If we run the test with composer phpbench, we will see that the test passes. One thing to be careful with, though, is adding assertions that are too strict – you would not want a patch to fail CI because the assertion for execution was not flexible enough (more on this later on).

Measuring performance while developing

One neat feature in PHPBench is the ability to tag current results and compare with another run. Looking at the HTMLBench benchmark test from above, for example, we can compare the work done in rMW5deb6a2a4546: Html::openElement() micro-optimisations to get before and after comparisons of the performance changes.
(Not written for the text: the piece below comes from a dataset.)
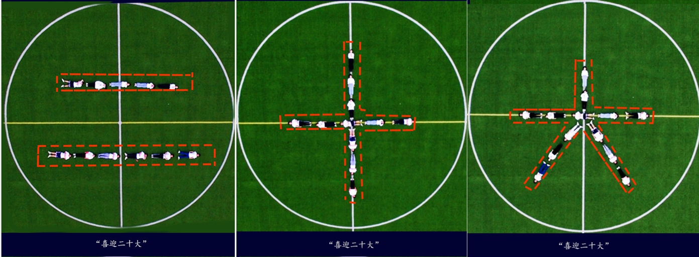 主题活动的重头戏是无人机航拍,当天下午青马学员来到了学院足球场,以饱满的精神状态投入到本次活动中,用身体摆出了“喜迎二十大”五个大字,展现了永远跟党走的决心与毅力。

Here's a benchmark of e82c5e52d50a9afd67045f984dc3fb84e2daef44, the commit before the performance improvements added to Html::openElement() in rMW5deb6a2a4546: Html::openElement() micro-optimisations

❯ git checkout -b html-before-optimizations e82c5e52d50a9afd67045f984dc3fb84e2daef44 # get the old HTML::openElement code before optimizations
❯ git review -x 727429 # get the core patch which introduces phpbench support
❯ composer phpbench -- tests/Benchmark/includes/HtmlBench.php --tag=original

And the output [2]:

Note that we've used --tag=original to store the results. Now we can check out the newer code, and use --ref=original to compare with the baseline:

❯ git checkout -b html-after-optimizations 5deb6a2a4546318d1fa94ad8c3fa54e9eb8fc67c # get the new HTML::openElement code with optimizations
❯ git review -x 727429 # get the core patch which introduces phpbench support
❯ composer phpbench -- tests/Benchmark/includes/HtmlBench.php --ref=original --report=aggregate

And the output [3]:

We can see that the execution time roughly halved, from 18 microseconds to 8 microseconds. (For understanding the other columns in the report, it's best to read through the Quick Start guide for phpbench.) PHPBench can also provide an error exit code if the performance decreased. One way that PHPBench might fit into our testing stack would be to have a job similar to Fresnel, where a non-voting comment on a patch alerts developers whether the PHPBench performance decreased in the patch.

Testing with extensions

A slightly more complex example is available in GrowthExperiments (patch). That patch makes use of setUp/tearDown methods to prepopulate the database entries needed for the code being benchmarked:

/**
 * @BeforeMethods ("setUpLinkRecommendation")
 * @AfterMethods ("tearDownLinkRecommendation")
 * @Assert("mode(variant.time.avg) < 20000 microseconds +/- 10%")
 */
public function benchFilter() {
	$this->linkRecommendationFilter->filter( $this->tasks );
}

The setUpLinkRecommendation and tearDownLinkRecommendation methods have access to MediaWikiServices, and generally you can do similar things you'd do in an integration test to setup and teardown the environment. This test is towards the opposite end of the spectrum from the core test discussed above which looks at Html::openElement(); here, the goal is to look at a higher level function that involves database queries and interacting with MediaWiki services.

What's next

You can experiment with the tooling and see if it is useful to you. Some open questions:

do we want to use phpbench? or are the scripts in maintenance/benchmarks already sufficient for our benchmarking needs?
we already have a benchmarking tools in maintenance/benchmarks that extend a Benchmarker class; would it make sense to convert these to use phpbench?
what are sensible defaults for "revs" and "iterations" as well as retry thresholds?
do we want to run phpbench assertions in CI?
- if yes, do we want assertions about using absolute times (e.g. "this function should take less than 20 ms") or relative assertions ("patch code is within 10% +/- of old code)
- if yes, do we want to aggregate reports over time, so we can see trends for the code we benchmark?
- should we disable phpbench as part of the standard set of tests run by Quibble, and only have it run as a non-voting job like Fresnel?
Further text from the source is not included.